竹に覆われていた広場は冬に伐採が終わっている。伐採が終わった後にすぐに伸びてくるタケノコを繰り返し刈り取ることにより、曲者である竹の地下茎を枯れさせていくことが大事だ。
広場にはずんぐりしたモウソウダケではなく、すらっとしたマダケがそこら中に生えていた。本日の段取りの説明後、まずは手始めにタケノコを刈ることにした。まだ柔らかいものも多いので、昼食時に焼いて参加者で試食することとし、食べられそうなものを集めながら刈っていった。
軽く汗を流したところで、2班に分かれ、まだ周辺に残っている竹林の切り出し、搬出作業を始める。広場をぐるりと囲むように、天にも届きそうな竹が好き勝手に乱立している。成長に光や空間があまり必要でなく、放置すればどんどん周りに侵入し拡大していくため、所せましと競い合って伸びた竹が根元から倒れ、上の方で折れ、枯れては絡まり合い、奥の方まで暗く格子模様を作っている。

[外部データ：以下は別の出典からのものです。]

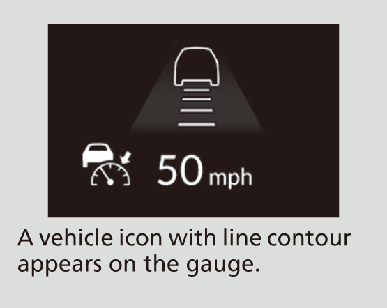 When ACC with Low Speed Follow starts operating, the vehicle icon, interval bars, and set speed appear on the gauge.
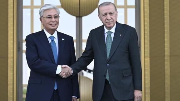 İkili görüşmeye geçen Erdoğan ve Tokayev, görüşmelerin ardından Türkiye ile Kazakistan Yüksek Düzeyli Stratejik Konseyinin beşinci toplantısına başkanlık edecek.

まずこちらを切っておき、隣を切って斜めに引っ張り出すというように、何本かの竹の具合を見ながら切っていくのだが、素直に倒れてこないので手間取ってしまう。傾斜のきつい斜面に生えた竹は、切る係、引っ張り出す係、斜面の下へ投げる係、受け取り積んでいく係と分担し、体力の消耗を抑え、効率良く動くようにした。自分の身長の5倍近くある竹を投げるのは難しかったが、最後には次々と、横長に掘られた穴に積まれていった。